You can experiment with grouping
here (Object Pascal source codes are attached).
To create a traveling salesman task, enter the number of nodes and press Enter. Or load the task from the file.
By moving the slider you can observe the principle of splitting into groups. The “Link groups” button connects the current groups by the optimal route by brute force. The “Link nodes” button connects all nodes by the optimal route by brute force. Therefore, you should not press these buttons with a large (> 18) number of nodes or groups.
Here you can download the program and source codes for solving the traveling salesman problem according to the algorithm described above.
Management bodies:
Button “Load” loads task from file with * .txt extension
The format of the txt file is as follows: in each line, after 1 space, the x and y coordinates for each node in the task are indicated. The first line contains the coordinates of the input node. In the last line - the coordinates of the output node. The remaining nodes between them in random order. Coordinates are in the range of 0-1 with an accuracy of 6 decimal places. The separator of the whole and fractional part is a comma.
The “Generate” button generates a random traveling salesman task, with the number of nodes specified in the “Nodes” field.
The “Save” button saves the coordinates of the nodes of this task.
The “Solve” button solves the traveling salesman problem, recursively breaking it into a constant number of groups specified in the “Groups” field. If the specified number of groups is greater than or equal to the number of nodes, then, naturally, a complete search of nodes will be performed. Therefore, it is not recommended to indicate the number of groups more than 18.
In this program, the division into groups is not optimal, so the intersections happen. But this disadvantage is fundamentally eliminated.
To improve the algorithm, the Nodes parameter should be divided into two independent parameters:
Nmax - the maximum number of nodes for which a complete enumeration is done without splitting into groups.

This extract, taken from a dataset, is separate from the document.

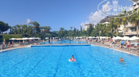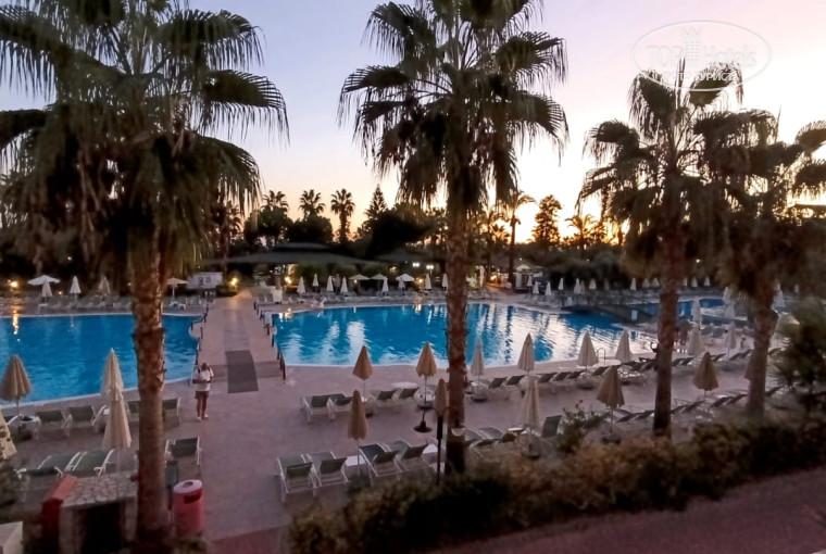 ТЕРРИТОРИЯ - это самое лучшее в отеле, очень зеленая, красивая, чистая, убирают хорошо, стригут траву, моют дорожки. Из растений - много пальм, росли мандарины, лаймы, лимоны, даже грейпфруты , оливки и маслины. Бассейны отличные, горки хорошие, одна не работала, на самой большой понравилось даже моему взрослому 18- летнему сыну. Иногда была дискотека до 2 ночи, но при закрытой двери было в принципе норм. В амфитеатре проводили анимацию своими силами - на любителя.

Gmax - the number of groups for splitting nodes, the number of which exceeded Nmax. And this number can be set differently. You can divide the number of nodes by a constant, you can subtract 1 from the current number of nodes, you can divide the number of nodes in the ratio of the "golden section", you can take a fixed percentage. In this regard, I conducted research.
In this program, for simplicity and clarity, Gmax = Nmax = Groups.
The program calculates one thousand nodes with Groups = 13 in less than 5 seconds. For a complete search, the result is very good.